Posted on April 07, 2020

New CERCLA Ruling Affirms Divisibility and Apportionment of Co-mingled Groundwater Plume

There are a limited number of CERCLA divisibility rulings on the books, and even fewer where the courts affirmed divisibility of harm. Last week, the US District Court in the Southern District of Indiana ruled that responsibility for co-mingled chlorinated solvent groundwater contamination was divisible based on technical factors, and then allocated past and future costs among responsible parties. Roux’s own Adam Love, Ph.D. was the Testifying Expert in this case, who successfully opined that the co-mingled plume was divisible.

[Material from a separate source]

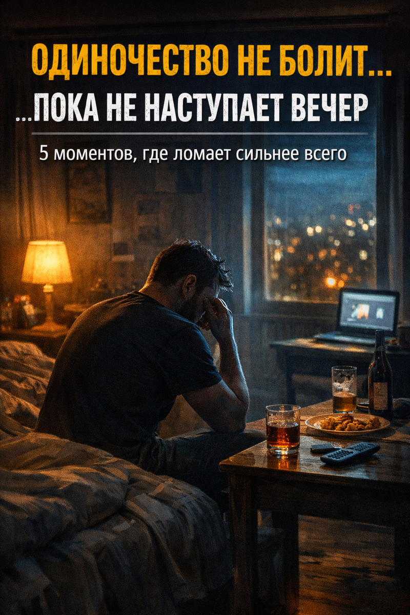 А вечером — будто кто-то выключает фоновые звуки и остаёшься один на один с тишиной. Самое мерзкое: одиночество редко бьёт в лоб. Оно работает как сырость. Сначала “да пофиг”, потом — “что-то пусто”, потом — “почему я вообще так живу”. Вот 5 вечерних моментов, где обычно ломает сильнее всего — и что делать, чтобы не проваливаться в эту яму. Ты снимаешь куртку, ставишь ключи, и всё.
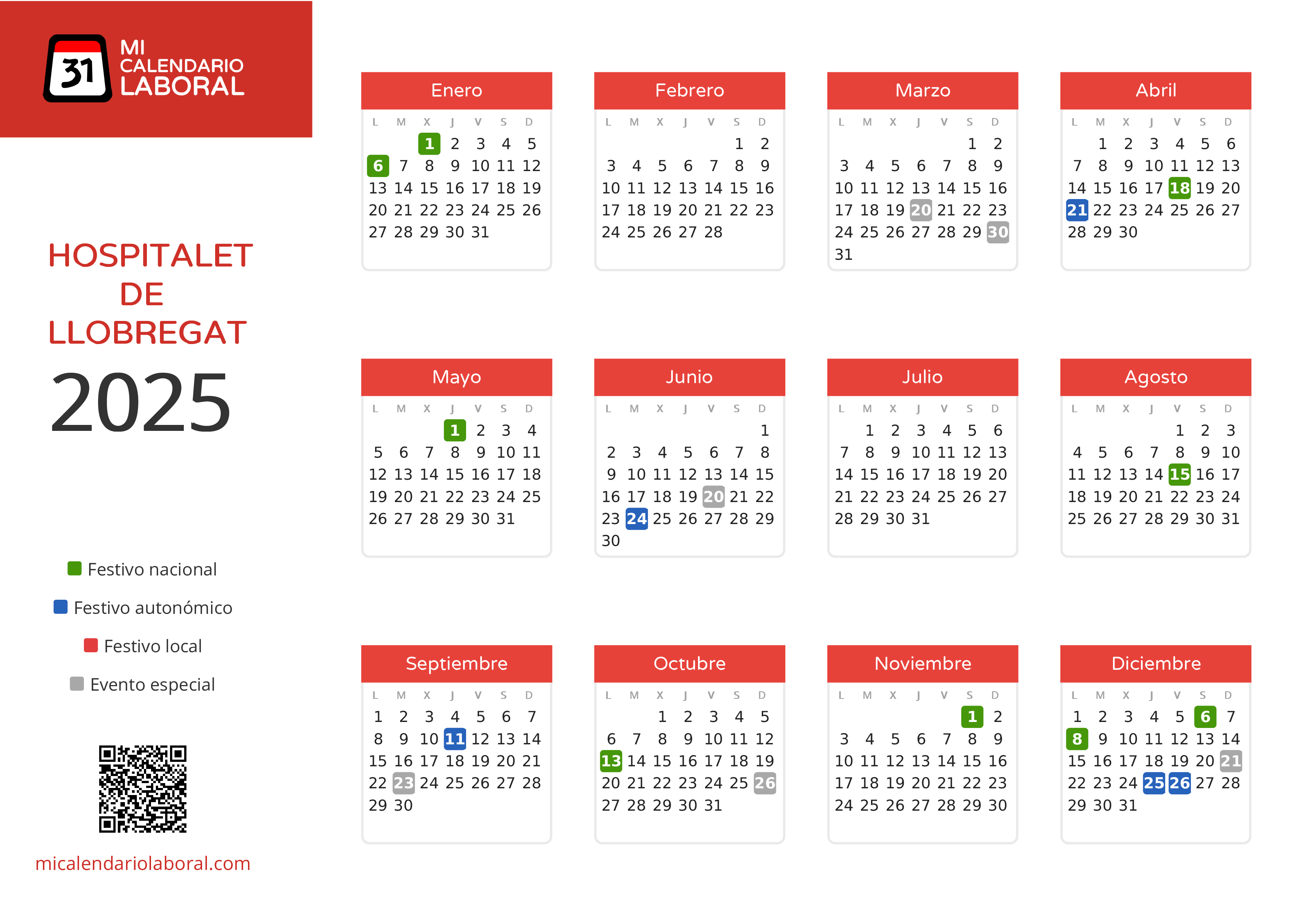 El calendario laboral de Hospitalet de Llobregat del año 2025 contará con 14 días festivos. Además de las 7 fiestas nacionales y las 5 otorgadas por Generalitat de Catalunya, los municipios seleccionan 2 fiestas locales.

Dr. Love then developed an apportionment of liability which the judge based the ultimate allocation upon, after applying equitable factors:

“This evidence, detailed in Dr. Love’s report and then explained from the witness stand at trial, confirmed the conclusion the Court reached in its Entry on the Parties’ Cross-Motions for Summary Judgment that the harm in this case is divisible and a reasonable basis for its apportionment exists.”

This appears to be the first CERCLA case where co-mingled groundwater was successfully demonstrated by a Technical Expert to be divisible, and provides an important affirmative ruling for future CERCLA cases involving divisibility and apportionment/allocation.

This ruling is a timely addendum to Roux’s March webinar “Split the Check, Please: Dividing Cleanup Costs Among Responsible Parties” presented by Chase Gerbig Ph.D. and Adam Love Ph.D., where they presented the overall approach along with some site-specific case studies for how such technical methodologies to divisibility and allocation may be applied.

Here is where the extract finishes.